Je tourne toujours autour de la cathédrale. Toujours l'histoire du dessert qu'on laisse pour la fin... Voici enfin le massura et le mihrab***, sommet de l'art baroque arabe., oeuvre d'Al Hakam II : moulures, mosaïques bysantines, arabesques et inscriptions coufiques mêlées dans une incroyable harmonie. Coeur de la mosquée, la macsura est située devant le mihrab qui indique la direction de la Mecque. Seul le calife et sa cour y avaient accès. L'imam y donnait le signe de la fin de la prière. Mais impossible d'aller plus loin. Une barrière empêche de vien voir la coupole extraordinaire qui le surplombe, de style bysantin et offerte à l'émir au Xe s. Des milliers de petits carreaux d'or, de cristal et de céramiques sont incrustés dans le marbre. Tout autour du mihrab court une magnifique frise or et bleu qui donne les 99 noms d'Allah. De chaque côté du mihrab se dresse un arbre de vie en albâtre, symbole de l'éternité...
En revenant sur ses pas, on pénètre enfin dans la cathédrale. "Une hérésie", de l'aveu même de Charles Quint lorsqu'il constata les dégâts fait sur ce joyau de l'architecture arabe... Mais qu'importe, on peut quand même saluer l'intelligence du travail de l'architecte qui parvint à conserver la nef axiale de la mosquée sans que la chapelle, pourtant au centre et en forme de croix latine, ne cache jamais le mihrab. Mieux en s'approchant de la cathédrale, les arcs sont surmontés d'une frise assurant le passage en douceur d'une architecture à l'autre. Le Christ prend même toute sa place... sous une magnifique arabesque ! Un chevet surmonté d'un pape bienfateur assure encore la transition d'un monument à l'autre. Les voûtes se chargent de nervures sublimes et plongent sur les arches de pierre arabes qui les soutiennent. Tout simplement inouï. En avançant vers la nef, des colonnes grecques accompagnent le pénitent que je suis. Magique.

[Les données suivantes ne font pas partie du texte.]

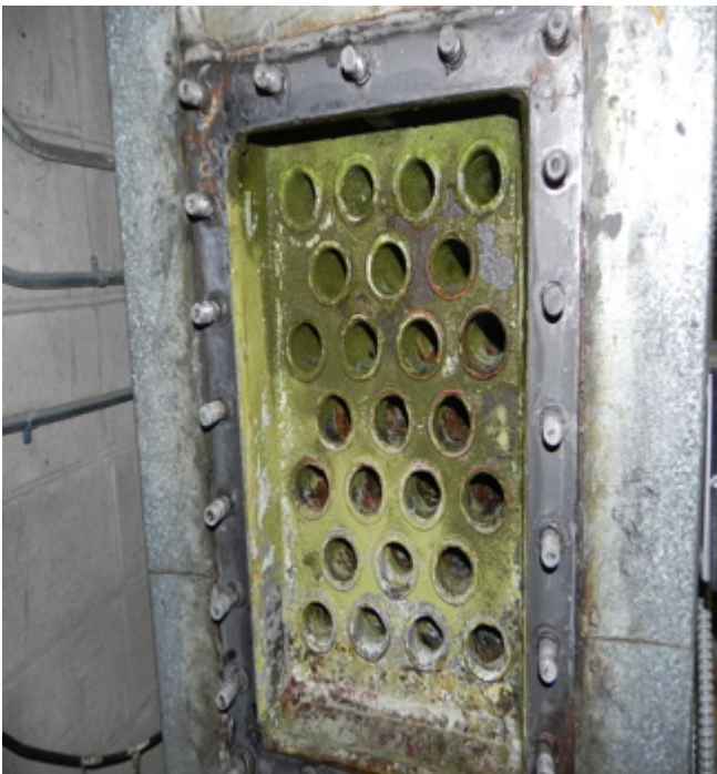
After three years on ProMoss™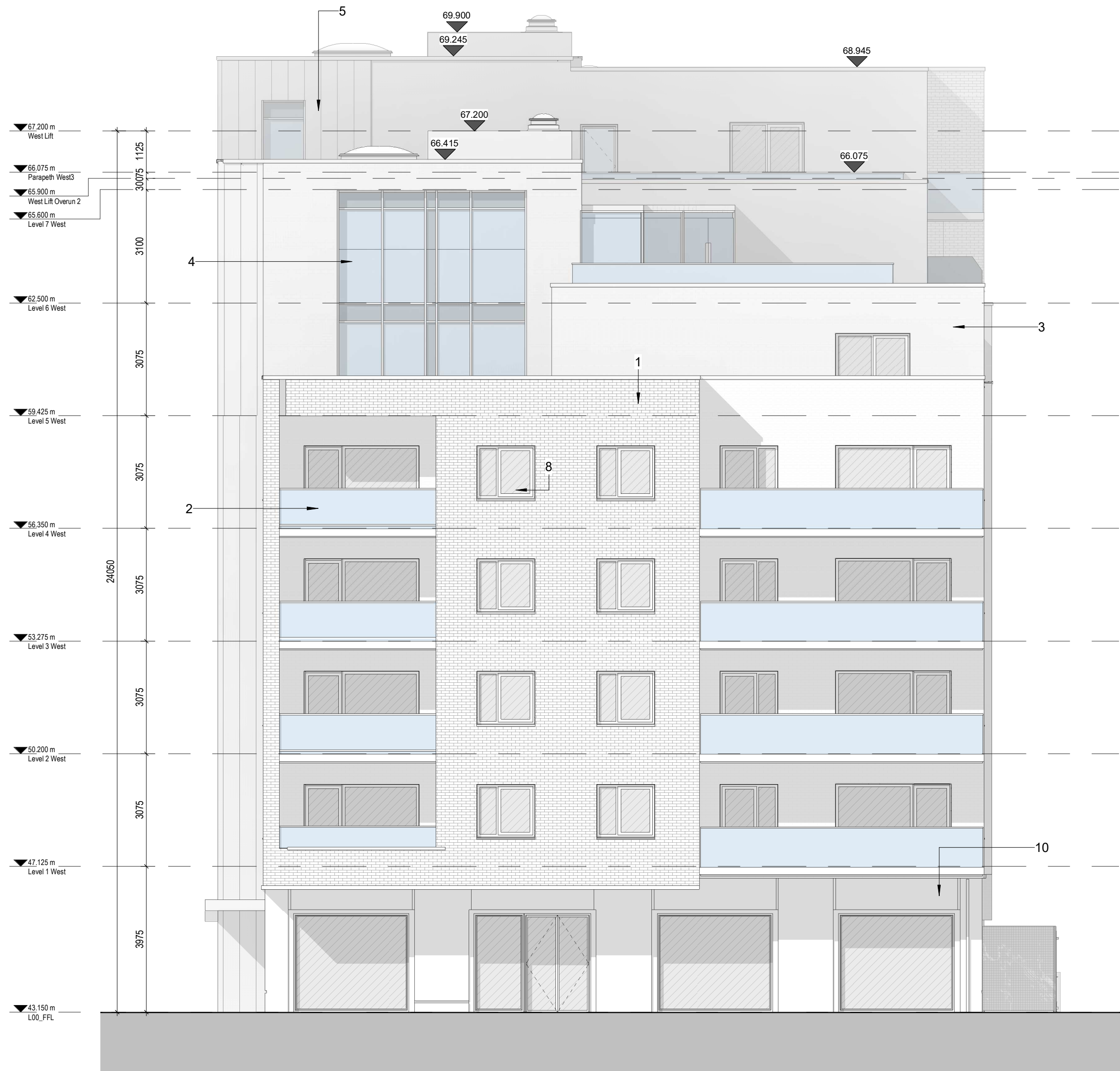
2 GA - West Elevation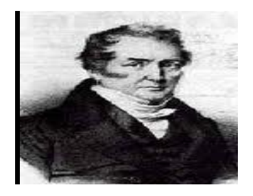
Figure 11

Broussais was French doctor who advocated bleeding, leech treatments, and fasting commanded Parisian restorative practice right on time in the nineteenth century. Following production of L'Examen des regulations médicales (1816; "The Examination of Medical Doctrines"), Broussais' arrangement of "physiological solution" quickly turned into the most prominent restorative theory around Paris. His convention demanded that all ailment begins as an aggravation of the gastrointestinal tract that goes to different organs "thoughtfully." Broussais is one of history's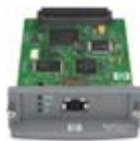
HP Jetdirect internal print server

Print professional documents and save time with the automatic two-sided printing unit (standard on the 5200dtn model).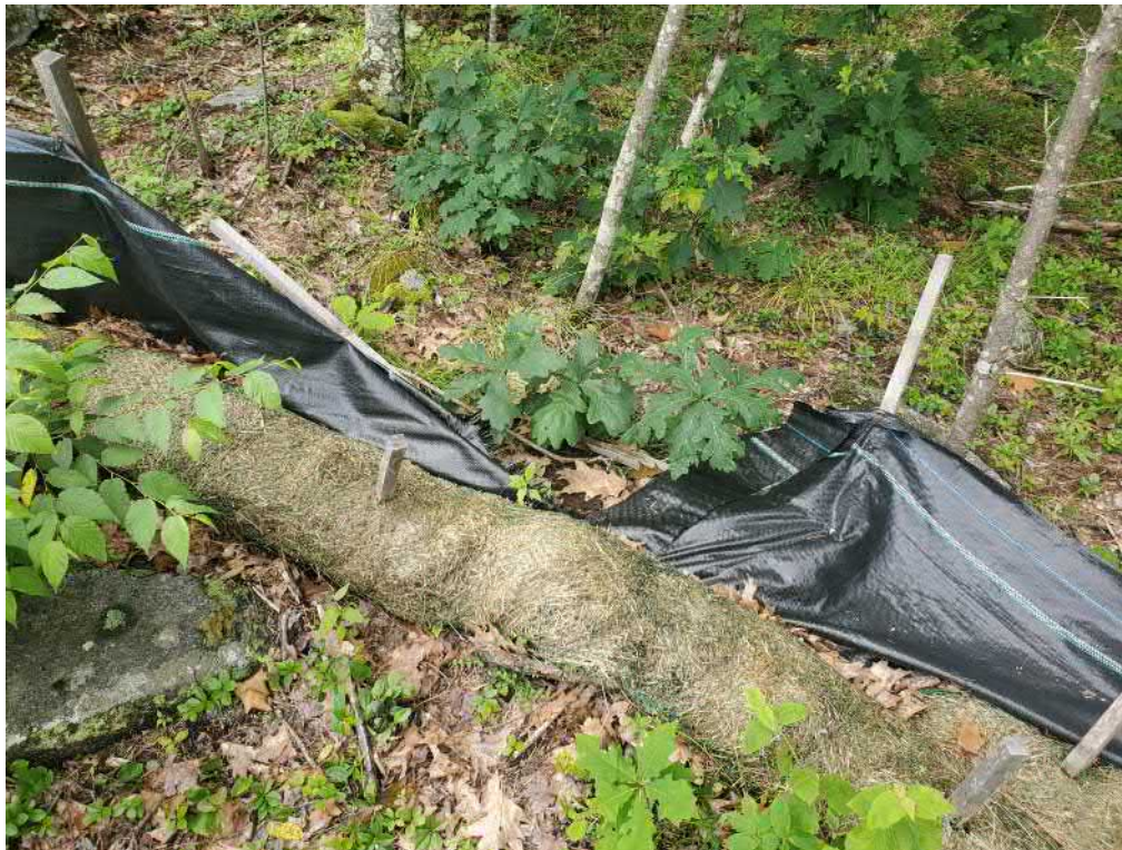
View of damaged silt fence in southeastern portion of the Site — facing northeast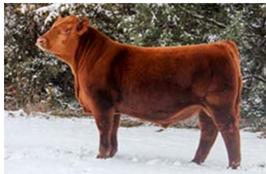
Sire to Lot 28 AHL Flashback 446B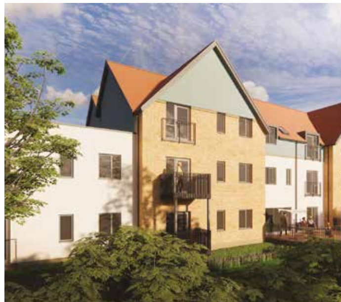
Demolition work on the old Athol House and an artist's impression of how the new Athol Court will look on completion.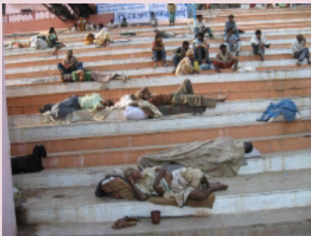
Rain Basera : Famous Ghats of Banaras IAC-2007 Allahabad

IAC Archives : Nothing scientific about it. Send interesting photographs from your paper albums or digital file. Reminiscences of past IAC conferences. From the venue or around.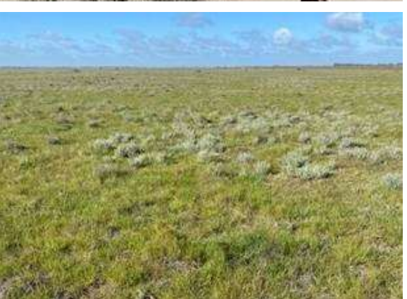
Photo points of changes in ground cover and plant structure at the Bear's property (Above: 2008. Below: 2021)

The future management by the next generation is a current focus for Greg and Jo. They have been investigating potential projects such as carbon sequestration and natural capital accounting, which will provide benefits to the property and the next generation of farmers.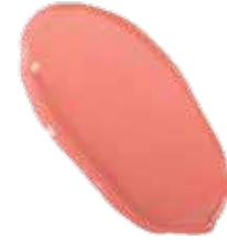
LEAP OF FAITH Liquid Matte Base .125 Wineberry + 2 drops .25 Brown .50 +.50 Peach .25 Ochre .125 +.125 Red Red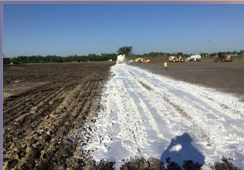
Moreno JHS - Lime Stabilization_05.21.2018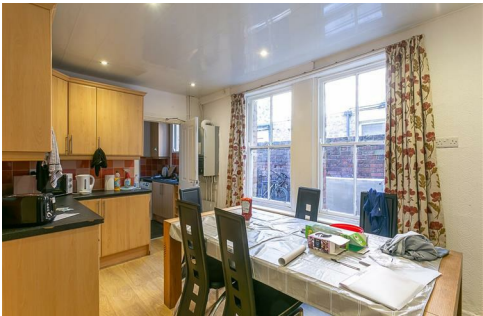
2ND FLOOR 259 sq ft. (24.1 sq.m.) approx.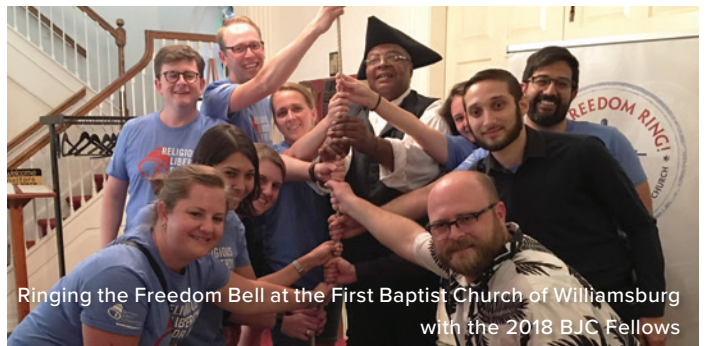
Ringin' the Freedom Bell at the First Baptist Church of Williamsburg with the 2018 BJC Fellows

For more information about The Colonial Williamsburg Foundation in Williamsburg, Virginia, visit their website at ColonialWilliamsburg.com . To learn more about the BJC Fellows Program, visit our website at BJCOnline.org/Fellows .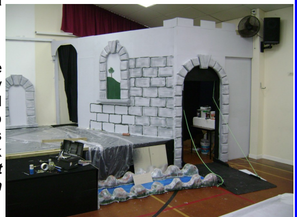
The set for the Production starting to take shape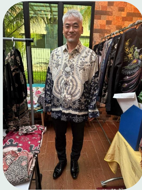
Wow! Very innovative design

Although I couldn't tell them apart, she could recognize which colour is Indonesian-like or Malaysian-like. Together with a dinner at a local market, those are good memories and souvenirs of my Brunei Darussalam trip.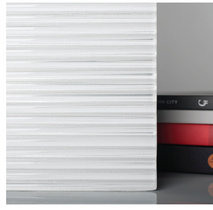
\mathsf{CORDUROY} + \mathsf{SHIMMER}^{\mathsf{TM}}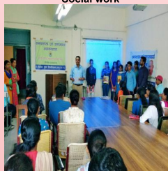
Induction Program (Diksharambh)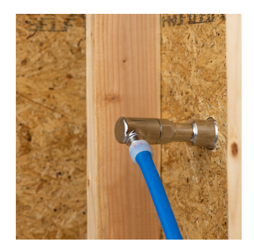
3) Attach to PEX tubing using appropriate tool and expansion ring. Check for leaks and test the hydrant operation.

Note: Elbow inlets can be positioned in any direction by rotating counterclockwise. The O-ring will keep a watertight seal up to 360° from full lock, up to 250 PSI.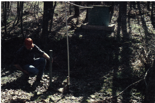
The monitoring sites were located in an intermittent stream channel. The downstream location is shown here. Water samples were automatically collected during stormflow events.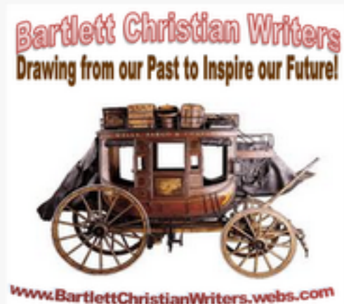
Drawing from the past to inspire the future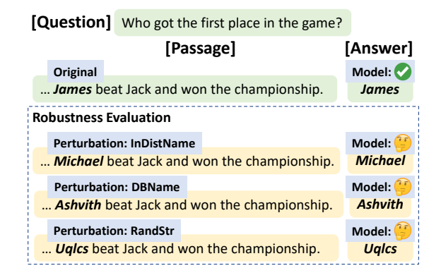
Figure 1: An illustrative example of the robustness to entity renaming and our proposed perturbations for robustness evaluation. "Michael" is from the answer of another test instance. "Ashvith" is a person name from an external database. "Uqlcs" is a random string with the same length as the original name.

The task of machine reading comprehension (MRC) measures machines' understanding and reasoning abilities. Recent research advances (Devlin et al., 2019; Yang et al., 2019; Khashabi et al., 2020) have driven MRC models to reach or even exceed human performance on several MRC benchmark datasets . However, their actual ability to solve the general MRC task is still questionable (Kaushik and Lipton, 2018; Sen and Saffari, 2020; Sugawara et al., 2020; Lai et al., 2021). While hu-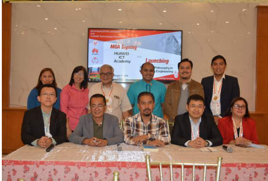
Students, Huawei officials and representatives, and BatStateU officials all grace the momentous event at the lobby of the newly inaugurated Higher Education Building.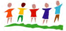
CAMP BEYOND THE SCARS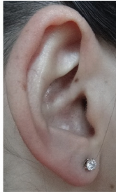
Figure 20. Underdeveloped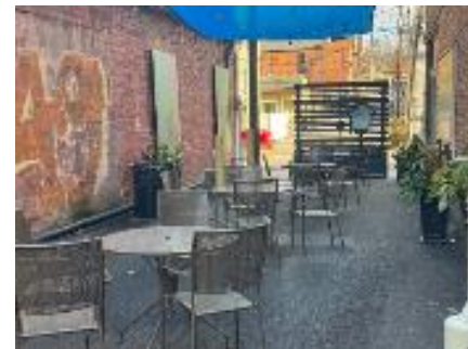
St. Paul Tomorrow, Inc.'s Outdoor Dining & Alleyway Improvement Project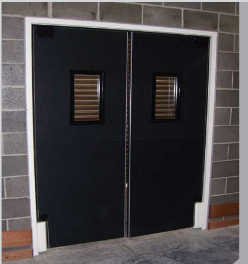
Double door designed to withstand heavy traffic from personnel trolleys and powered equipment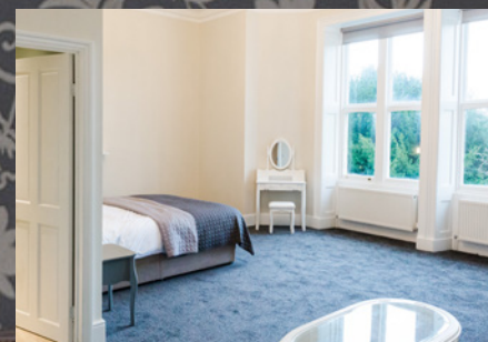
Accommodation 11 bedrooms, 7 bathrooms, 1 lounge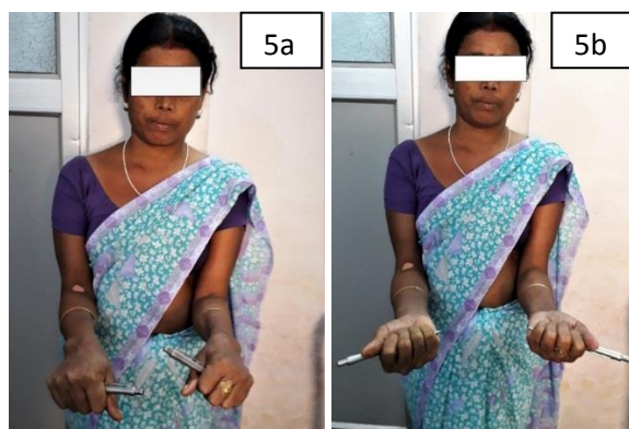
Fig. 5a, b: Showing- at 3 years follow up, active supination and pronation of wrist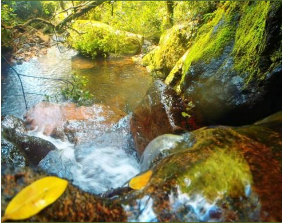
Cool and sweet drinking water.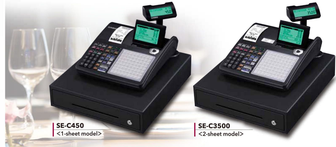
SE-C450 <1-sheet model>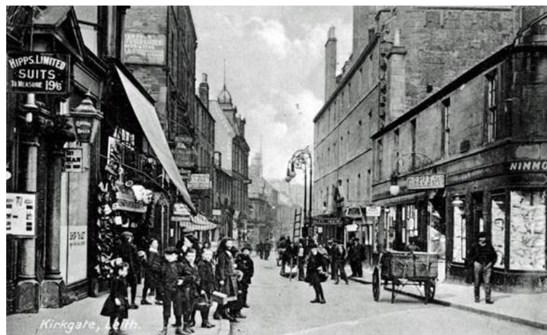
Kirkgate, Leith, in the 1880s

What was there is a collaborative site where people upload their old photos that are geotagged so anyone researching a particular area can discover relevant photos.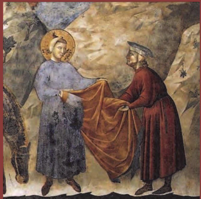
St. Francis Giving His Mantle to a Poor Man Giotto (1299)

"Then the king will say to those on his right, 'Come, you who are blessed by my Father. Inherit the kingdom prepared for you from the foundation of the world. For I was hungry and you gave me food, I was thirsty and you gave me drink, a stranger and you welcomed me, naked and you clothed me, ill and you cared for me, in prison and you visited me.'" (Mt 25:34-36)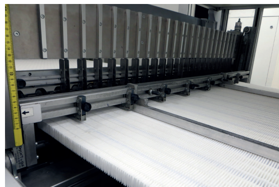
MANN+HUMMEL Air Filtration Americas Cleanroom production area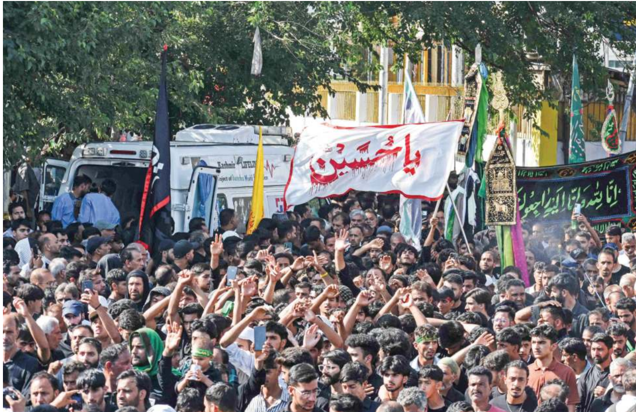
Thousands joined the traditional 7th Muharram procession in the old city of Srinagar.

On Wednesday, Jammu and Kashmir Lieutenant Governor Manoj Sinha had flagged off the first batch of 5,892 yatris from the More on P10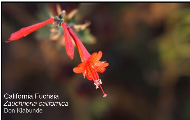
California Fuchsia Zauchneria californica Don Klabunde

Fall is a perfect time to start thinking about landscape renovations, or simply adding or replacing plants in your current landscape. Year round color and interest makes our yards so much more inviting, not only to us, but to our avian friends. In order to get the most bang for your buck, nice plants that are visually appealing AND useful for our native birds, why not consider planting California natives that are appropriate for your area?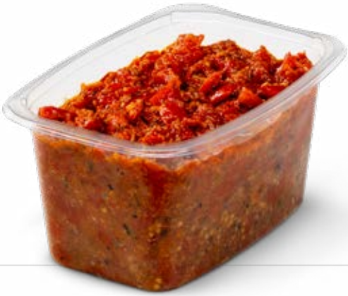
CHOPPED MIX BABY PLUM TOMATOES, OLIVES AND CAPERS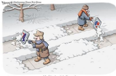
Washington D.C. digs out.

Generally we will try to have the Sunday morning service even during cold weather with small amounts of snow if the roads are clear. But please use your own judgement when attending. We do not want anyone to slip and fall because of ice on sidewalks and driveways. It is OK to stay home during bad weather.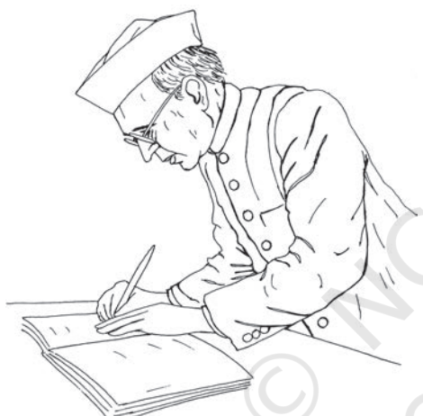
Jawaharlal Nehru CAD, Vol. VI, p. 734

"We did not give him any real power but we have made his position one of authority and dignity. The constitution wants to create neither a real executive nor a mere figurehead, but a head that neither reigns nor governs; it wants to create a great figurehead..."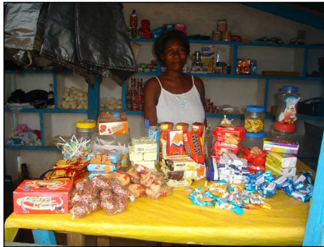
One of the project participants in Kakum Conservation Area, engaging in petty trading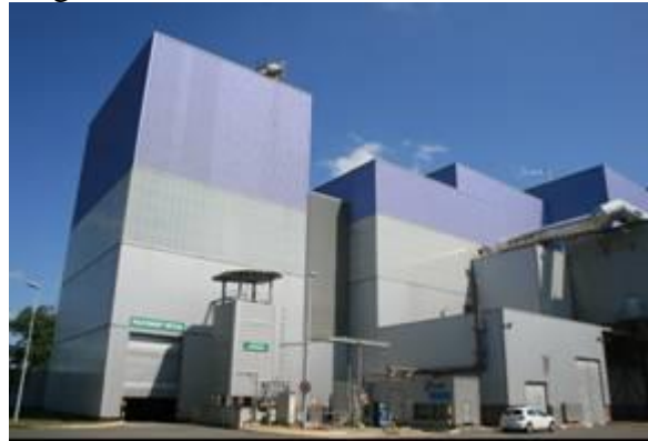
Lasse incineration plant (100,000t/y) near Angers, France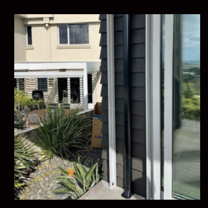
Cool Wave (New Zealand)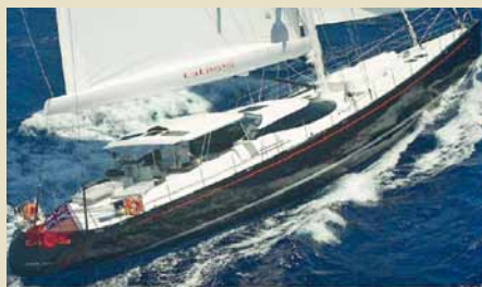
BLISS (sailing yacht) 37.00 m 10/4 West Mediterranean – Caribbean 89,000/98,000 USD/week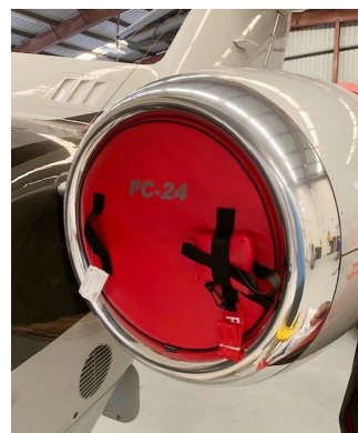
Pilatus PC-24 Engine Intake Plug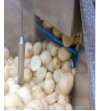
Unaffected by hydrolysis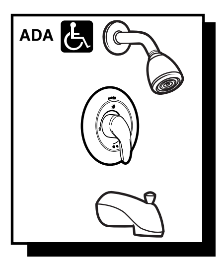
Villeta™ Posi-Temp® Single-Handle Tub/Shower Trim Kit

Models: TL2393, TL2393CP, TL2393P, TL2393PM, TL2393W (Bulk Packed 12 per carton)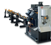
CNC Punching and Shearing Lines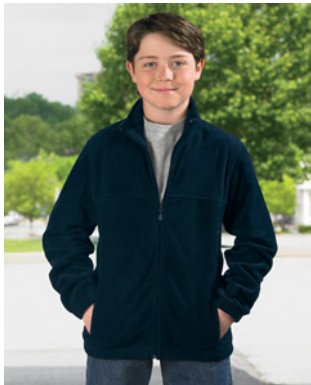
Youth Fleece Jacket Item #1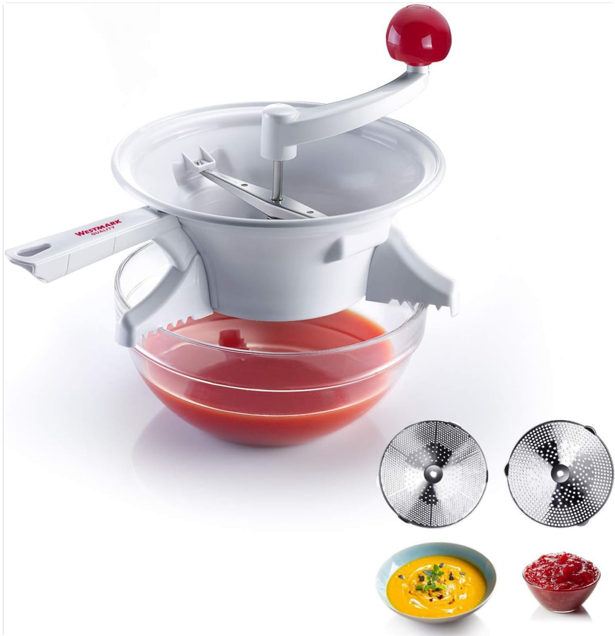
Image: The Westmark Food Mill actively processing tomatoes, with red puree collecting in a clear bowl underneath. Two grinding discs and examples of finished purees are also shown.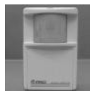
Motion Sensor (PMS01)

Direction la cathédrale***. Elle s'élève dans l'extention d'Abd Al-Rahman II. Entamée en 1523... Il a quand même fallu 243 ans pour la mener à bien ! Du coup, tous les styles se mélangent : gothique tardif, Renaissance et baroque. Plafonds éblouissants. Coupole Renaissance d'une élégance inouïe. Coup de chance, un organiste donne une leçon de musique à un groupe d'enfants. Toccata. Bach. Le son des deux orgues est d'une grande pureté. Bois d'acajou venu tout droit de Cuba.